Tragiczny wypadek w Hiszpanii. 16-latek utopił się w fontannie
16-letni chłopiec utopił się podczas niewinnej zabawy z kolegami w jednej z miejskich fontann. Trudno uwierzyć w to, co się stało, bo woda w zbiorniku miała tylko 30 cm głębokości.
Tragedia w miejskiej fontannie. Dziecko zginęło na miejscu
16-letni chłopiec razem z kolegami wszedł do miejskiej fontanny w mieście Mostoles w środkowej Hiszpanii. Nastolatkowie postanowili "wykąpać się" w zbiorniku zdobiącym park Finca Liana, mimo wyraźnego zakazu wchodzenia do fontanny.

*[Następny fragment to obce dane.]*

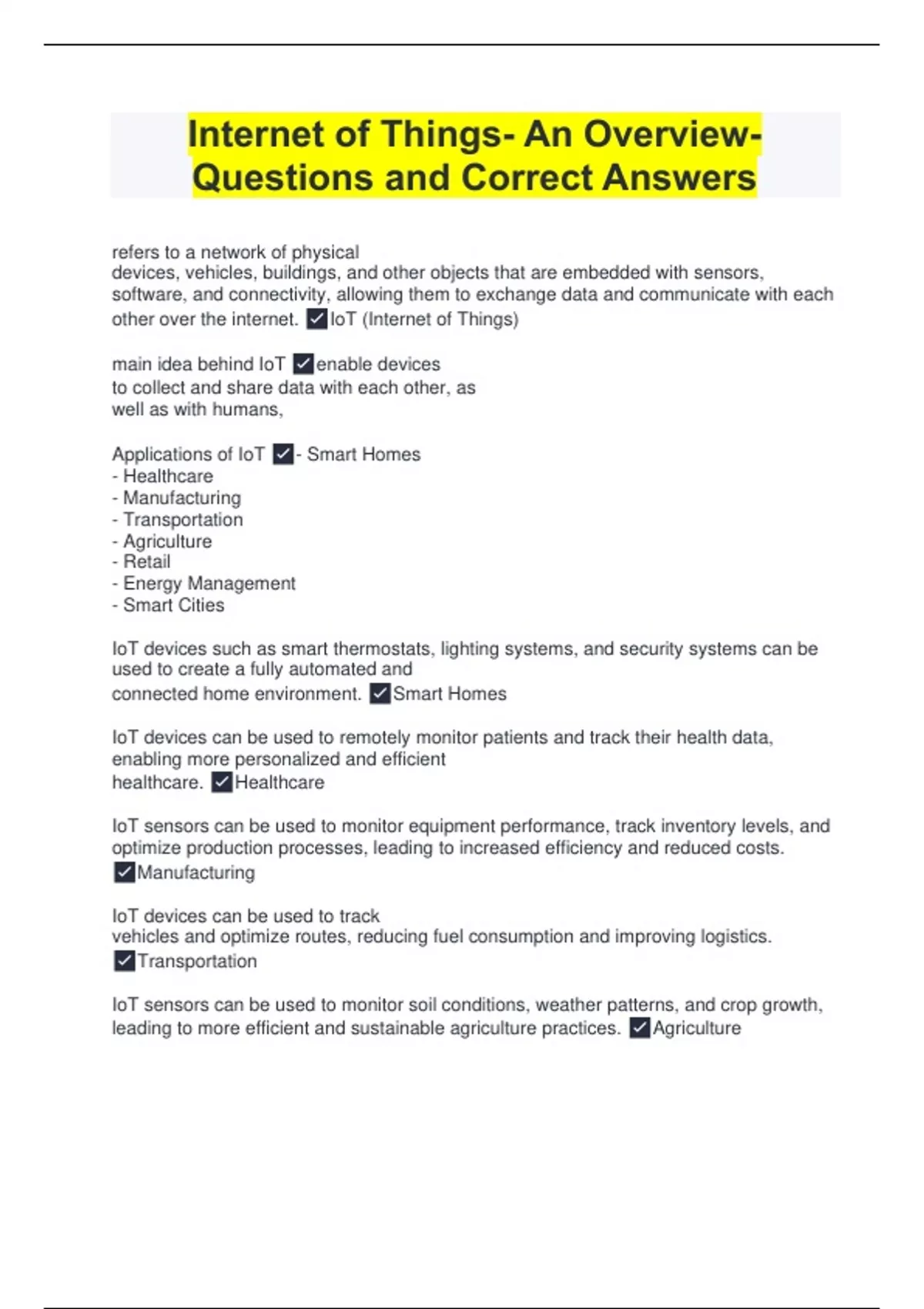 Internet of Things- An Overview- Questions and Correct Answers

Woda w zbiorniku ma zaledwie 30 cm głębokości, ale problem w tym, że dzieci prawdopodobnie dla zabawy uszkodziły panel sterowania fontanny, zwiększając ciśnienie wody. Niespodziewanie spowodowało to, że rura wciągnęła chłopca pod wodę pod dużym ciśnieniem.
Wstępne dochodzenie wskazuje, że chłopcy mogli usunąć część metalowej siatki, która stanowiła osłonę i zabezpieczenie na wypadek takich incydentów.
Chora dziewczynka uratowała brata przez utonięciem
W pierwszej chwili nastolatkowie próbowali samodzielnie wyciągnąć swojego kolegę z wody. Bezskutecznie. Wtedy zadzwonili na pogotowie. Sytuacja była jednak patowa. W związku z uszkodzeniem fontanny, ratownicy wyciągnęli chłopca dopiero po 50 minutach. Mimo trwającej pół godziny reanimacji nie udało się go uratować.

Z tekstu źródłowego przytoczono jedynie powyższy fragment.